TSUYOMI研究コラム 23
1.問いの提示
経営者が自らの判断構造に違和感を覚えたとき、それはしばしば「自信の喪失」や「迷い」としてネガティブに捉えられます。
しかし、その違和感こそが、古くなった地層を再構築するための重要なシグナルであるとしたらどうでしょうか。私たちは、日常の中に生じる「おや?」という小さな驚きを、どのようにして経営の再編へと繋げていけばよいのでしょうか。本稿では、省察を通じた「枠組みの再構成(リフレーミング)」のプロセスを検討します。
2.通説の整理
ビジネスにおける違和感やエラーは、一般に「速やかに解消すべきノイズ」として扱われます。
判断が揺らぐことは決断力の欠如と見なされ、一貫性を保つことこそがリーダーの美徳とされます。そのため、多くの経営者は自らの中に生じた小さな疑念を押し殺し、既存の成功体験(地層)を正当化することで、心の安定を保とうとします。

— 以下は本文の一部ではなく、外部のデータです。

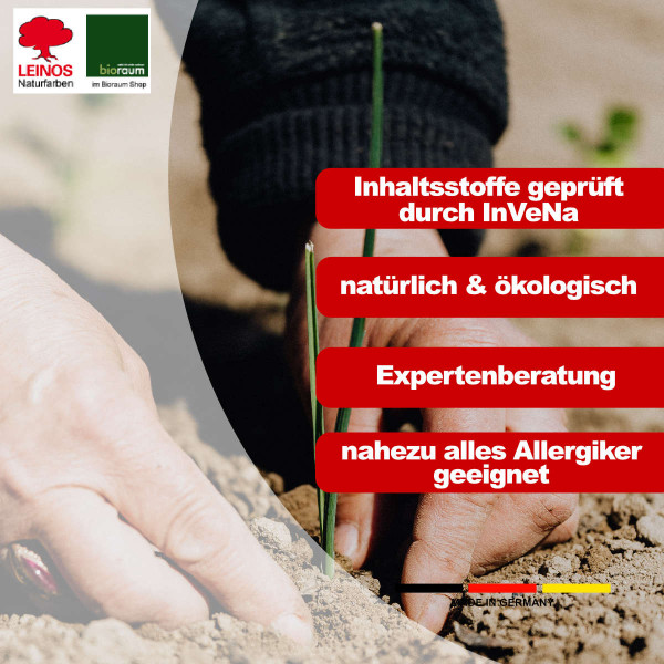 Mit Produkt getränkte Arbeitsmaterialien, wie z.B. Putzlappen, Schwämme, Schleifstäube etc. mit nicht durchgetrocknetem Öl, luftdicht in Metallbehälter oder in Wasser aufbewahren und dann entsorgen, da sonst Selbstentzündungsgefahr aufgrund des Pflanzenölgehaltes besteht. Das Produkt an sich ist nicht selbstentzündlich. Bei Trocknung für ausreichende Lüftung sorgen. Durch die eingesetzten Naturrohstoffe kann ein arttypischer Geruch auftreten. Beim Einsatz von Spritzgeräten einen zugelassenen Atemschutz tragen. Beim Schleifen Feinstaubmaske tragen!
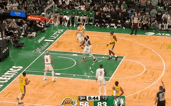 NBA常規賽,湖人對陣凱爾特人的本場(chǎng)比賽正在進(jìn)行中。
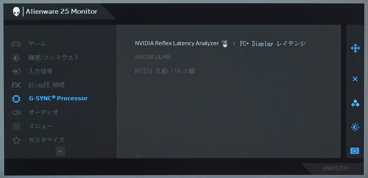 「Alienware AW2521H」はNVIDIA G-Syncモジュールによってサポートされるシステム遅延測定機能「NVIDIA Reflex Latency Analyzer」に対応しています。
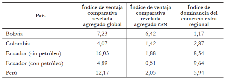Bolivia es la economía más pequeña de la región; dado el tamaño relativo de su economía, su comercio con la CAN es el menos significativo. Sin embargo, registra los índices más altos de VCR en el comercio con la CAN. Esto demuestra que para Bolivia el mercado de la CAN tiene más importancia relativa que para los otros países miembros debido a la participación proporcional más baja de este país, lo que implica que el espacio que representa el mercado andino, en comparación con la capacidad de exportación de Bolivia, es mayor para este país que para los otros países miembros.
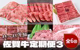 【定期便セット】佐賀牛定期便3・佐賀牛リブローススライス500g・ミニヒレ300g・ももスライス400g・佐賀牛6種盛600g・佐賀牛焼肉セット500g・佐賀牛サーロイン200gと佐賀牛リブロース200g
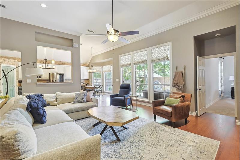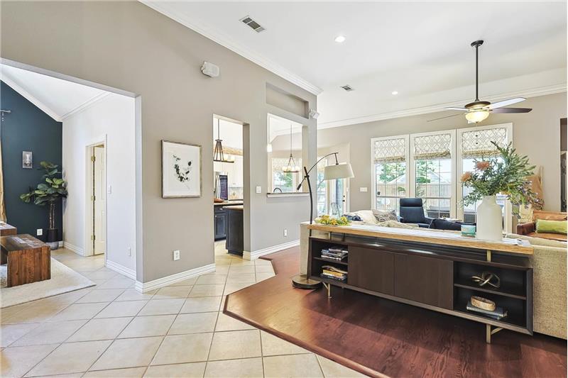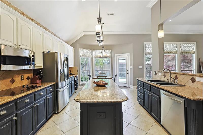 Stunning single story home in Flower Mound! Beautifully updated from floors to counters! Four bedrooms, three full baths, bright office, open concept. A warm and inviting space with the updates you deserve. Designer touches throughout the home from the light fixtures, paint colors, dry stacked stone accent walls. Chef's dream of a kitchen with granite counters, double ovens, stainless appliances, large center island. All rooms are spacious and a delight to the senses. The backyard is a lush oasis with plenty of space for pets and humans alike. Ideal south Flower Mound location! Don't wait!
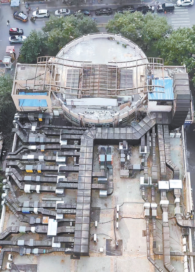 排煙管道、空調(diào)室外機(jī)……改造前,各類與餐飲企業(yè)相關(guān)的設(shè)備設(shè)施在百環(huán)家園18號(hào)樓西側(cè)商務(wù)小樓的樓頂散亂排布。
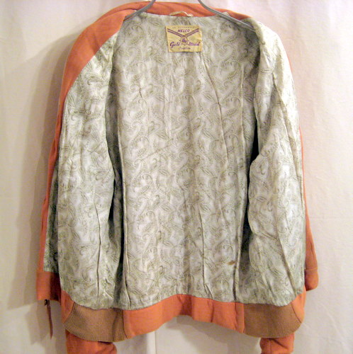 ~60年代 NELCOレーヨンギャバディンブルゾン サイズ 着丈62cm、着幅48cm、肩幅40cm、袖丈45cm ジップはNYNCOです。オレンジを薄くしたような色です。
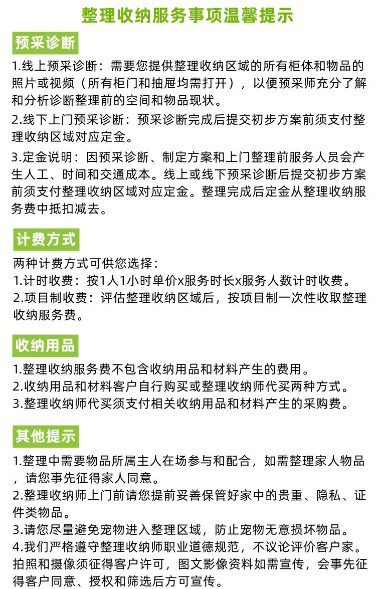 【服务范围】 衣橱/衣柜/衣帽间整理收纳 【计费方式】 1.计时收费:按1人1小时单价×服务时长×服务人数(不足一小时按实际时间结算); 2.项目制收费:预采完成后按项目制提供一次性整理收纳服务费用报价。 【服务流程】 一.整理开始前 1.预采诊断:预采师整理前提前上门了解人、物、收纳空间的现状。(包含:客户需求、生活动线、审美/收纳倾向、空间规划/改造、所需材料/收纳用品、物品状态等); 2.制定整理收纳服务方案:预采后整理师根据现状与需求提供定制化整理收纳方案。 二.整理过程中 1.上门整理:整理收纳师携带工具箱、收纳用品、改造材料等上门; 2.整理收纳流程:清空-分类-筛选(无筛选可跳过)-清洁(依据客户需求自由选择)-收纳-陈列(依据客户需求自由选择。 三.整理结束后 1.客户验收:主整理师或区域整理师陪同客户完成整理区域的巡视,告知物品位置; 2.整理报告:整理结束三天后可根据客户需要提供整理收纳报告书。 【专业服务与工具】 1.专业培训:每一位整理收纳师均接受过六天职业课程理论+实操培训; 2.健康体检:每一位整理收纳师均通过三甲医院健康体检; 3.隐私保护:严格遵守整理收纳师职业道德,保护客户隐私; 4.售后保障:提供整理后七日内免费优化服务,两次整理收纳师线上一小时指导服务; 5.专业工具:入户、清洁、改造、工作等工具齐全。 【温馨提示】 1.因整理收纳服务需要预采诊断,如时间充裕,请尽量提前安排预采师上门或线上了解现状; 2.所有收纳用品、改造材料、置物家具均可自行购买或整理收纳师代买; 3.请在整理收纳师上门前提前保管好贵重、隐私、证件类物品; 4.请尽量避免宠物进入整理区域,防止宠物无意损坏物品; 5.整理中需要物品主人在场配合,如需整理家人物品需事先征得家人许可; 6.我们严格遵守整理收纳职业道德规范,不评论不议论客户家,影音图文等资料需事先征得客户许可方可分享和宣传。
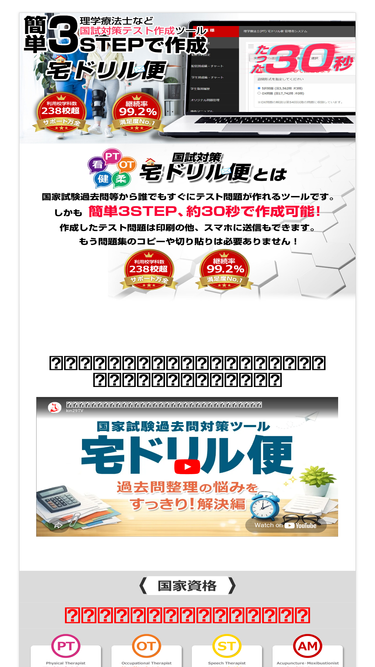 64%理学療法士/作業療法士/看護師/柔道整復師/はり師きゅう師/診療放射線技師での国家試験対策、健康運動実践指導者の試験対策に最適な教員用問題作成ソフト、学生向けにはスマートフォン用アプリを紹介します。
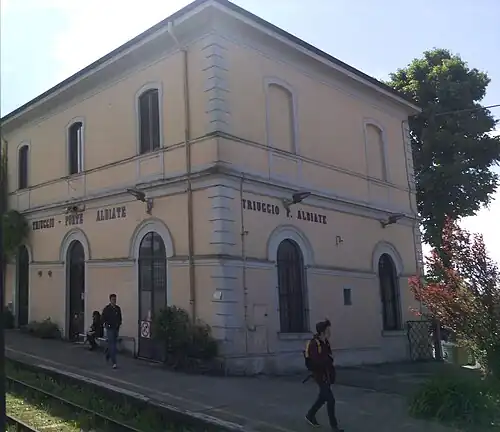 Triuggio–Ponte Albiate railway station is a railway station in Italy. Located on the Monza–Molteno railway, it serves the municipality of Triuggio in Lombardy. The train services are operated by Trenord.
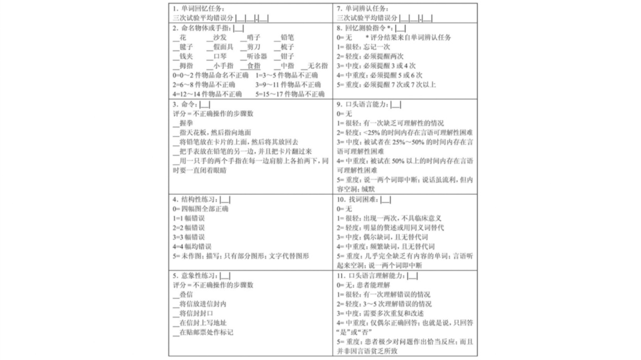 包括12个条目,其中4个评估记忆(单词回忆和单词辨认)和定向力(时间和地点),5个评估语言(物体或手指命名、指令、口头语言能力、找词困难和口头语言理解能力),2个评估实践能力(结构性练习和意象性练习),1个评估注意力和注意力集中(回忆测验指令)。评分范围从0分(无错误或损害)到最大值70分(所有测验条目中表现出严重损害)。
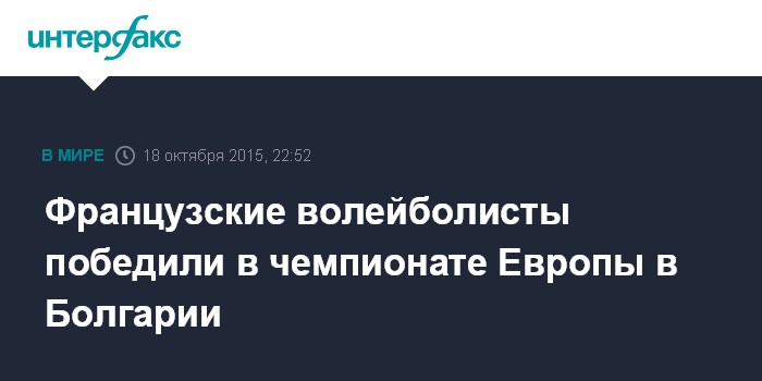 Москва. 18 октября. INTERFAX.RU - Мужская сборная Франции по волейболу обыграла Словению в финале чемпионата Европы в Софии.

しかし、このノイズの抑圧こそが、後に致命的な「硬直化」を招く原因となります。
3.TSUYOMIからの再定義
ショーンは、実践家が自らのフレーム(状況の捉え方)を組み替えることを「リフレーミング」と呼びました。
TSUYOMIの観点から見れば、リフレーミングとは、既存の地層がかけている「認識のフィルター」を交換する作業です。この作業は、理屈ではなく「驚き」という感情的な揺らぎから始まります。
「成功しているはずなのに、なぜか虚しい」「以前と同じ判断をしたのに、今回はしっくりこない」。こうした違和感は、現在の地層(実務OS)が、現実の状況(泥沼の低地)に適合しなくなっていることを知らせるアラートです。この違和感を無視せず、あえて立ち止まって「地層のどの成分が、今の現実と衝突しているのか」を問い直すこと。このプロセスを経て、TSUYOMIは単なる「滓」から、新たな時代を拓くための「資源」へと再編されます。
4.実務への含意
実務における「再編」の第一歩は、違和感を歓迎する文化を自分の中に持つことです。
一貫性を守るために違和感を排除するのではなく、「なぜ今、自分は揺らいでいるのか」を観測の対象とすること。TSUYOMI診断の結果と、自らの主観的な手応えが乖離している瞬間こそ、最大の学びのチャンスです。その乖離を埋めようとする思考の格闘が、古い地層の上に「新しい判断の層」を形成する力となります。
5.未解決点の提示
「驚き」を認識に変えるためには、それを言語化し、構造化するための時間的・精神的な余裕が必要です。
多忙なSmallBiz経営者が、日々の判断の奔流の中で、いかにしてこの「立ち止まる時間(省察の余白)」を確保し、維持し続けることができるのか。これは個人の規律の問題である以上に、経営の仕組み(ルーチン)としての設計が求められる領域です。